Rao Madhu N, Blackwell Terri, Redline Susan, Punjabi Naresh M, Barrett-Connor Elizabeth, Neylan Thomas C, Stone Katie L
Division of Endocrinology, University of California San Francisco, San Francisco, California, United States of America.
PLoS One. 2013 Sep 27;8(9):e75205. doi: 10.1371/journal.pone.0075205. eCollection 2013.
Short sleep duration is associated with adverse health outcomes, but the mechanisms involved are unknown. It has been postulated that short sleep duration may elevate cortisol levels, but studies have had conflicting results. It is unclear whether these differing findings may be due to methodological issues, such as assessment of sleep duration. Specifically, objective versus subjective methods of measuring habitual sleep duration may account for the conflicting results found in epidemiological studies.

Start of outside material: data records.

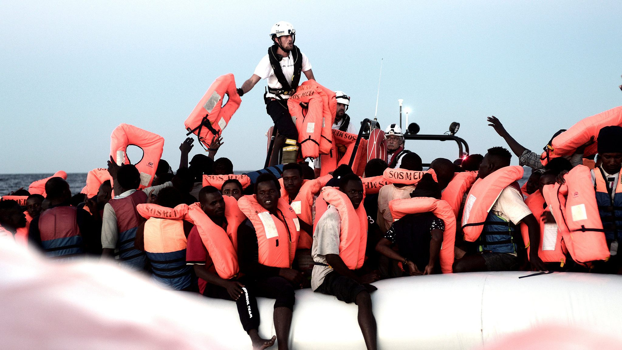 Migrants are rescued by staff members of the MV Aquarius, a search and rescue ship run in partnership between SOS Mediterranee and Medecins Sans Frontieres in the central Mediterranean Sea, June 9, 2018. /VCG Photo
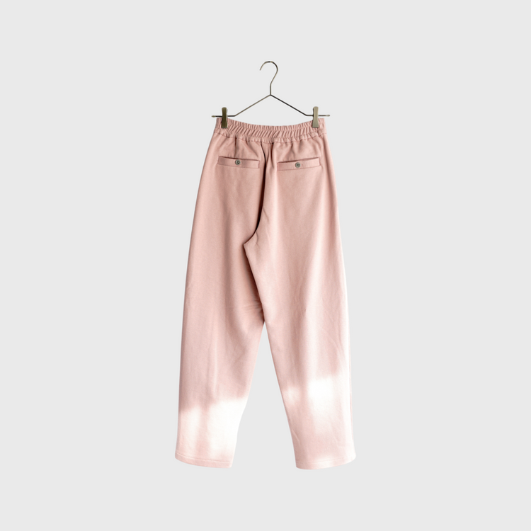 SWEAT WITH COLLARと共地のスエットイージートラウザーズ。前ジッパー開き、後ろにのみゴムを通し、イージースラックス仕様。綺麗めに履けるグレイッシュカラーのスエットパンツです。ユニセックスで着用頂けます。
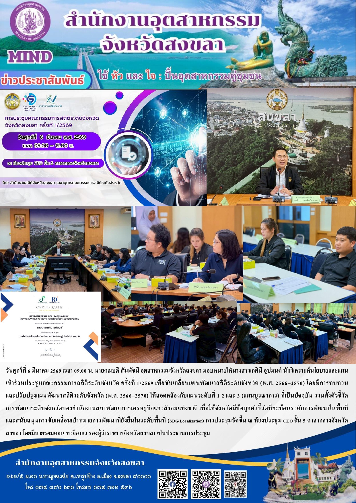 วันศุกร์ที่ 6 มีนาคม 2569 เวลา 09.00 น. นายคณบดี สัมพัชนี อุตสาหกรรมจังหวัดสงขลา มอบหมายให้นางสาวเกศินี อุปมนต์ นักวิเคราะห์นโยบายและแผน เข้าร่วมประชุมคณะกรรมการสถิติระดับจังหวัด ครั้งที่ 1/2569 เพื่อขับเคลื่อนแผนพัฒนาสถิติระดับจังหวัด (พ.ศ. 2566–2570) โดยมีการทบทวน และปรับปรุงแผนพัฒนาสถิติระดับจังหวัด (พ.ศ. 2566–2570) ให้สอดคล้องกับแผนระดับที่ 1 2 และ 3 (แผนบูรณาการ) ที่เป็นปัจจุบัน รวมทั้งตัวชี้วัด การพัฒนาระดับจังหวัดของสำนักงานสภาพัฒนาการเศรษฐกิจและสังคมแห่งชาติ เพื่อให้จังหวัดมีข้อมูลตัวชี้วัดที่สะท้อนระดับการพัฒนาในพื้นที่ และสนับสนุนการขับเคลื่อนเป้าหมายการพัฒนาที่ยั่งยืนในระดับพื้นที่ (SDG Localization) การประชุมจัดขึ้น ณ ห้องประชุม CEO ชั้น 5 ศาลากลางจังหวัดสงขลา โดยมีนายรอมดอน หะยีอาแว รองผู้ว่าราชการจังหวัดสงขลา เป็นประธานการประชุม
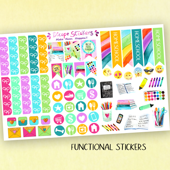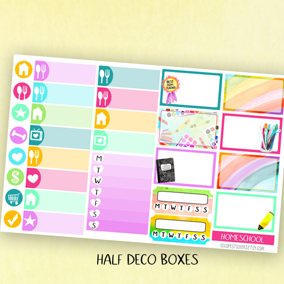 Here You have the 5 sheets kit that has 174 beautiful watercolored stickers that include 8 deco boxes (for classic size happy planner that allows space for headers or erin condren/recollections vertical planners ) 33 headers , 7 half boxes, 3 weekly goals boxes , 12 mini icon boxes and 111 lovely functional + decor and washi stickers!
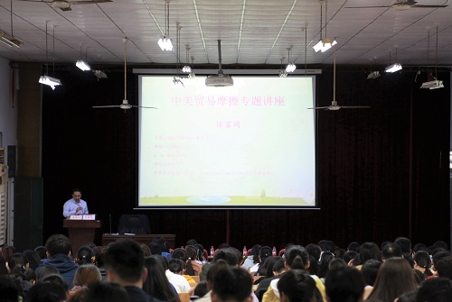 讲座结束后,任富同与在场学生进行交流探讨,并针对提出的问题进行了耐心细致的解答。他新颖的观点、独特的见地、生动的语言,不仅引导在场学生对中美贸易间的问题有了更进一步的理解,同时对提高学生的政治敏锐性和观察力大有裨益。
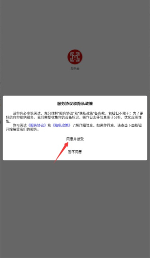 1、初次启动应用时,需阅读并同意用户服务协议及隐私条款,点击确认后进入主界面。

Our goal was to determine whether habitual sleep duration, measured objectively (by actigraphy) and subjectively (by self-report), was associated with 24-hour urine free cortisol (UFC), a measure of integrated cortisol secretion. Our secondary goal was to determine whether slow wave sleep (SWS, determined by polysomnography) was associated with 24-hour UFC.
DESIGN/SETTING: Cross sectional study of community dwelling older men.
PATIENTS/PARTICIPANTS: 325 men (mean age = 76.6 years, SD = 5.5) from the Portland site of the MrOS Sleep Study, who underwent 24-hour urine collection, polysomnography, actigraphy and sleep questionnaire.
24-hour UFC.
In this study of community dwelling older men, self-reported sleep duration was inversely related to 24-hour UFC levels. Participants reporting <5 hours of habitual sleep had an adjusted mean 24-hour UFC of 29.8 ug, compared to 28.0 ug in participants reporting >5 to <8 hours of sleep 25.5 ug in those reporting >8 hours of habitual sleep. However, sleep duration determined by actigraphy was not associated with 24-hour UFC in either univariable or multivariable regression models. SWS was not associated with 24-hour UFC.
Objectively measured (i.e., actigraphic) sleep duration is not associated with 24-hour UFC in these community dwelling older men. This finding, together with prior studies, suggests that elevated levels of integrated cortisol secretion is not the mechanisms by which short sleep duration leads to adverse health outcomes.
睡眠时间短与不良健康后果相关,但其中涉及的机制尚不清楚。据推测,睡眠时间短可能会提高皮质醇水平,但研究结果相互矛盾。目前尚不清楚这些不同的发现是否可能归因于方法学问题,例如睡眠时间的评估。具体而言,测量习惯性睡眠时间的客观方法与主观方法可能是导致流行病学研究结果相互矛盾的原因。
我们的目标是确定通过客观(通过活动记录仪)和主观(通过自我报告)测量的习惯性睡眠时间是否与24小时尿游离皮质醇(UFC)相关,UFC是一种综合皮质醇分泌的指标。我们的次要目标是确定慢波睡眠(SWS,通过多导睡眠图确定)是否与24小时UFC相关。
设计/地点:对社区居住的老年男性进行横断面研究。
患者/参与者:来自MrOS睡眠研究波特兰站点的325名男性(平均年龄 = 76.6岁,标准差 = 5.5),他们接受了24小时尿液收集、多导睡眠图、活动记录仪和睡眠问卷调查。
24小时UFC。
在这项对社区居住老年男性的研究中,自我报告的睡眠时间与24小时UFC水平呈负相关。报告习惯性睡眠时间<5小时的参与者调整后的平均24小时UFC为29.8微克,而报告睡眠时间>5至<8小时的参与者为28.0微克,报告习惯性睡眠时间>8小时的参与者为25.5微克。然而,在单变量或多变量回归模型中,通过活动记录仪确定的睡眠时间与24小时UFC均无关联。SWS与24小时UFC无关。
在这些社区居住的老年男性中,客观测量(即通过活动记录仪)的睡眠时间与24小时UFC无关。这一发现与先前的研究共同表明,综合皮质醇分泌水平升高并非睡眠时间短导致不良健康后果的机制。